Simmons got his approval.

How important was the business Simmons generated by buying politicians? Important enough that he used his children and grandchildren as conduits to launder contributions and evade the FEC. That was in 1997. You know, back when there were rules that still had to be followed. Back before all the barriers to bribery were taken away.

One more thing: if Bob Perry and Harold Simmons' names sound familiar, that's because you've heard them before. The two were the largest contributors to the Swift Boat Veterans for Truth campaign to destroy John Kerry's reputation and secure the White House for a second George W. Bush administration in 2004. That's not because they were pals with Bush any more than they're buddies with Perry. They pay the up front cost knowing that it will come back to them with interest. They buy Republican, because once Republicans get their hands on the government, they're even more generous in rewarding those who put them in office.

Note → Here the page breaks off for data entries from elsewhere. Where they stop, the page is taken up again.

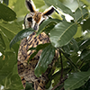 This medium-sized owl has large ear tufts.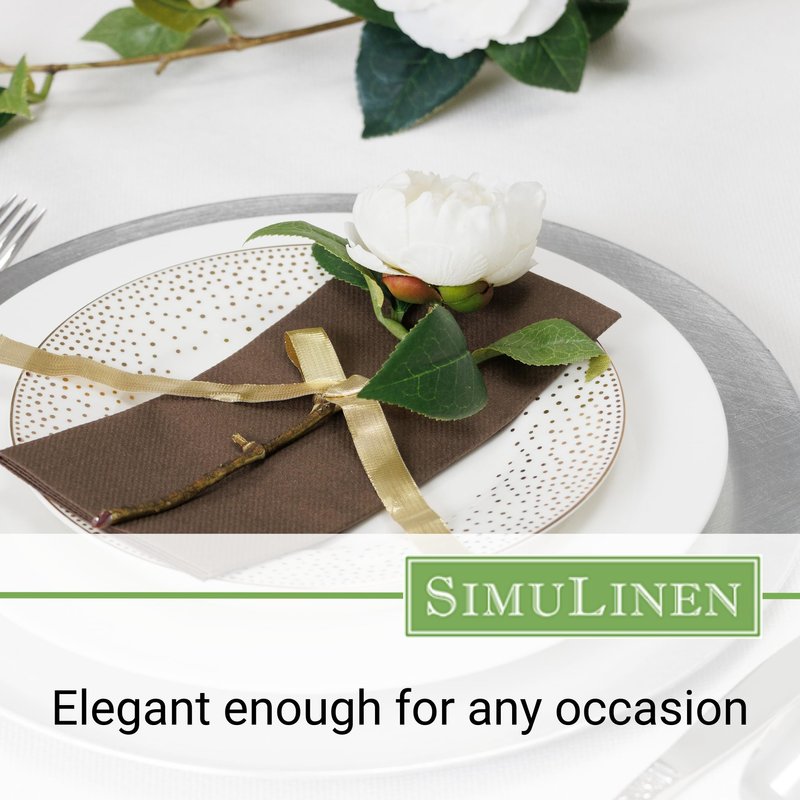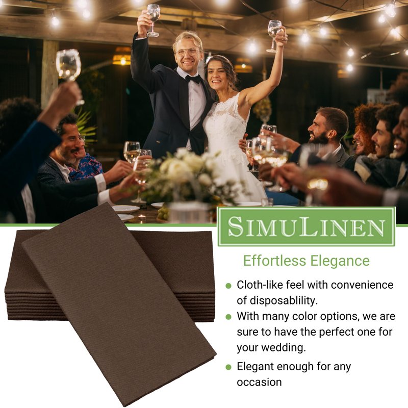 SimuLinen is proud to offer our Colored Paper Napkins Dinner. These linen feel disposable dinner napkins are cloth like and have a linen feel. They are decorative Brown napkins and are perfect for Christmas napkins and Hanukkah napkins and go well with holiday decorations. Our premium colored paper dinner napkins are dinner size and great for wedding receptions and bridal shower napkins as they are very nice party napkins.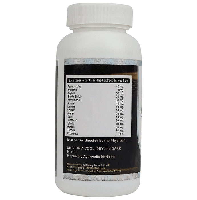 Composition : Ashwagandha|Bhringraj|Jaiphal|Shudh Shilajit|Yashtimadhu|Arjuna|Lawang|Chitrak|Jeerak|Saunf|Shatavari|Amalki|Haritaki|Triphala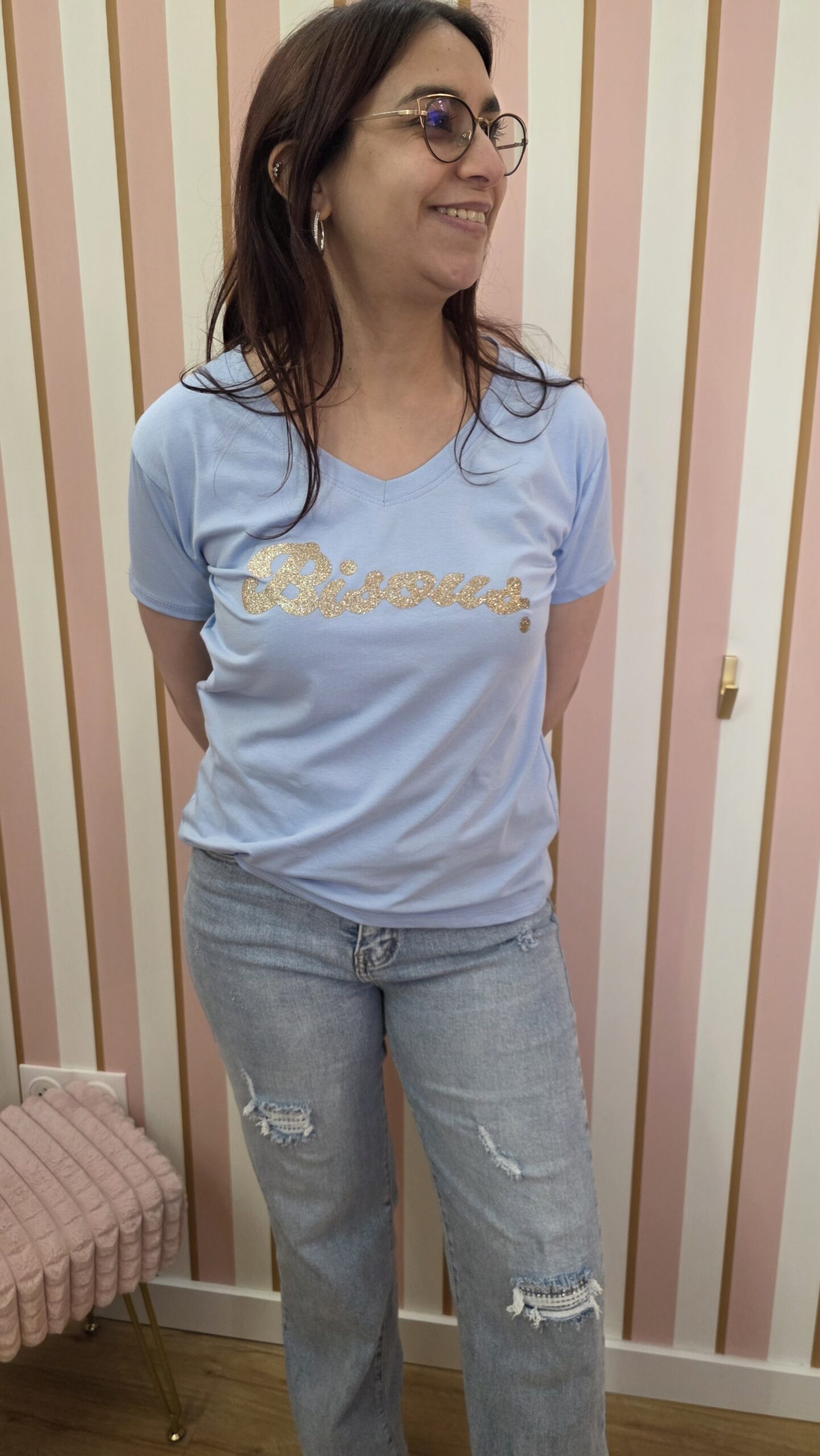 Tee-shirt bisous bleu et or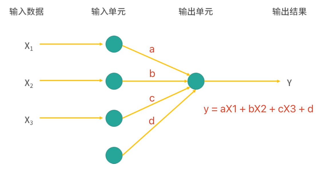 我们先设计一个最简单的神经网络模型,它只有一层输入和一层输出,该模型会根据输入( $\small{X}$ )去预测输出( $\small{y}$ ),而输出又满足下面的公式: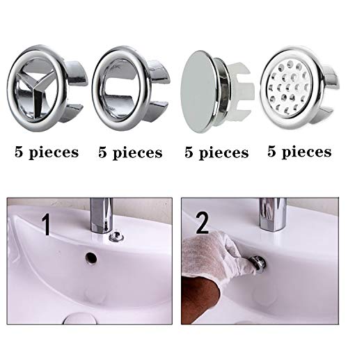 Adatto a fori troppopieno standard da 22 a 24 mm. La confezione include 20 coperture per tappi di scarico, ognuno dei quali è 5, che è sufficiente per l'uso quotidiano. È possibile scegliere diversi stili di anello di troppopieno in base alle proprie esigenze.
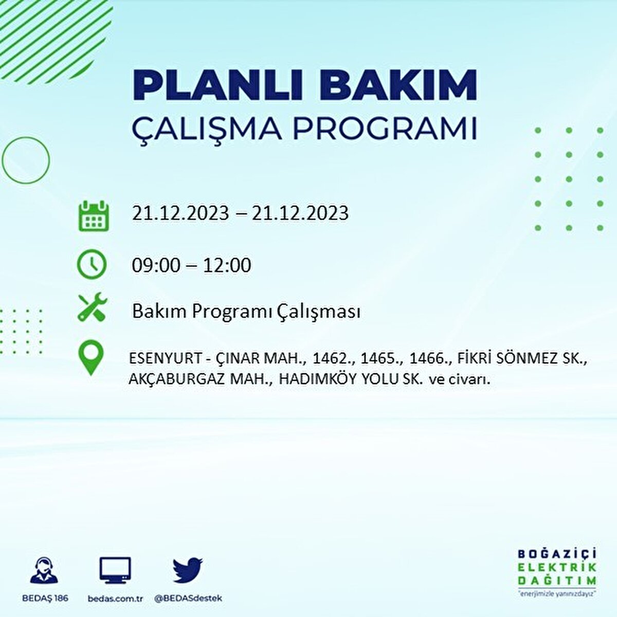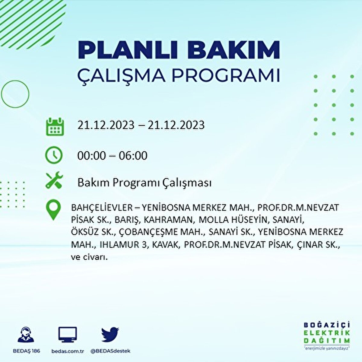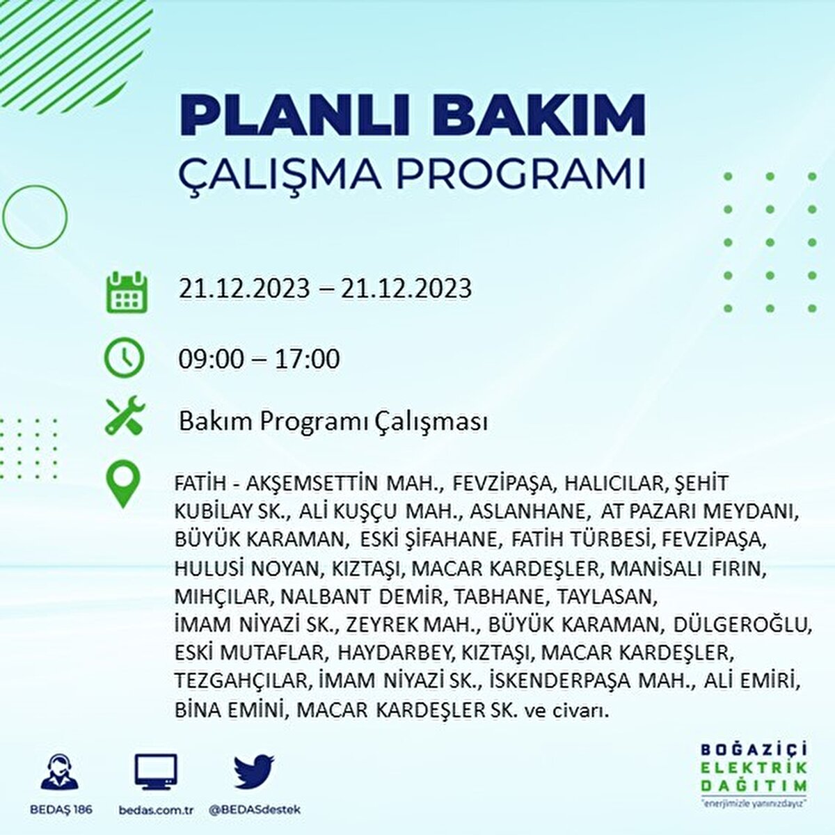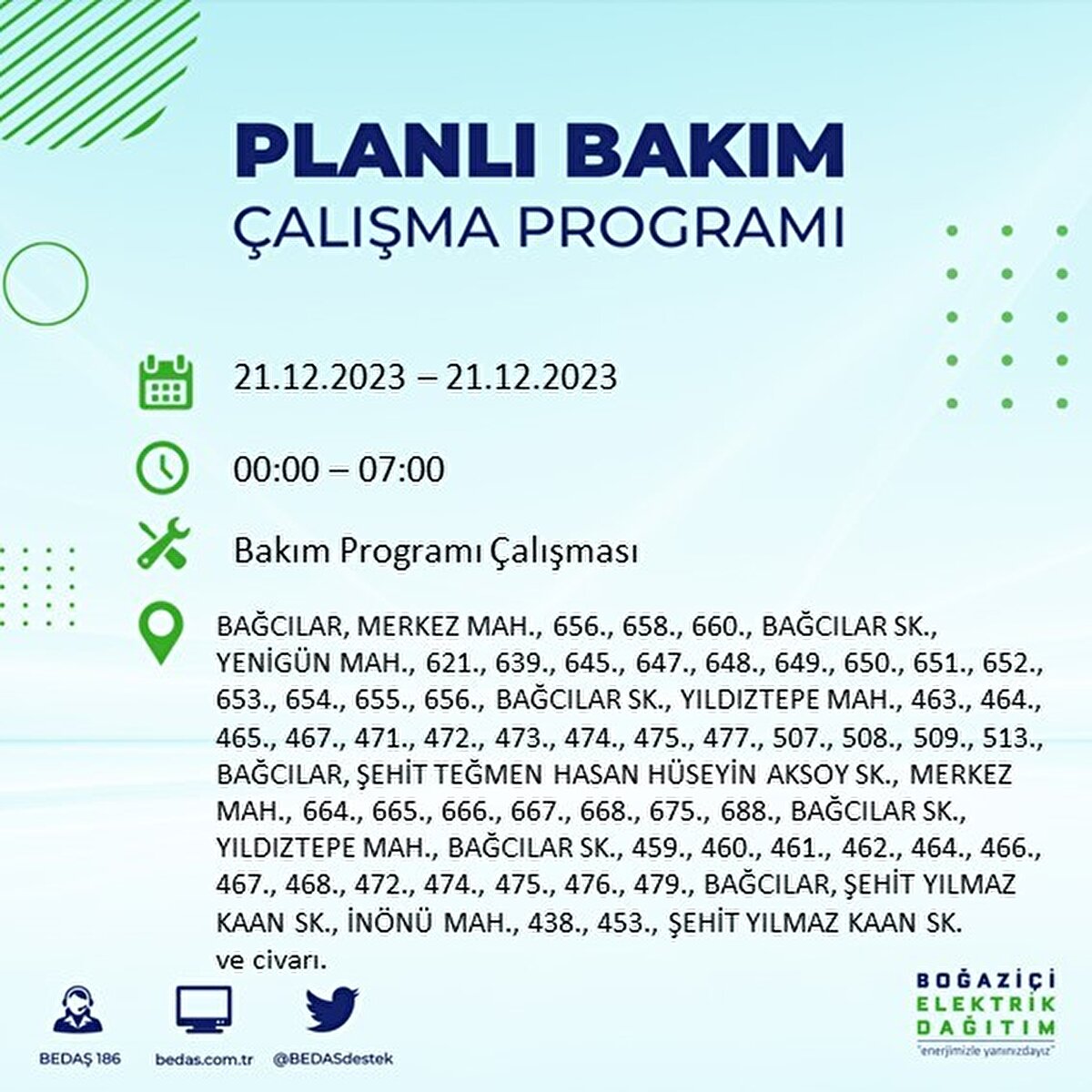 Boğaziçi Elektrik Dağıtım A.Ş (BEDAŞ) tarafından yayımlanan duyuruda İstanbul'un 21 ilçesinde elektrik kesintisi yapılacağı açıklandı. BEDAŞ'ın yayımladığı programa göre, Arnavutköy, Avcılar, Bağcılar, Bahçelievler, Bakırköy, Başakşehir, Beşiktaş, Beylikdüzü, Beyoğlu ve daha birçok ilçede bugün elektrik kesintisi yaşanacak.

Republicans pretend to loathe judicial overreach. They rail against activist judges who "make law" and pound their chests about original intent, but the truth is that since the 2000 Bush v Gore decision, there has been an ever accelerating wave of radical judicial activism from the right. Conservative judicial decisions have overturned two hundred years of rules designed to prevent just what we're now seeing, ownership of both the media and political system by a very wealthy few.

The greatest pretense in American politics is this: that our politicians can be utterly dependent on money given to them by contributors, but not be influenced by the source of those funds. It's not true. It's never been true. Now that the judicial takeover of our electoral system is complete, there's not even any reason to hide it. This is a bribe-based system—an oligarchy all the way to the core. Getting it back isn't going to be easy, and probably can't be done with dollars. It's going to take something far more dear.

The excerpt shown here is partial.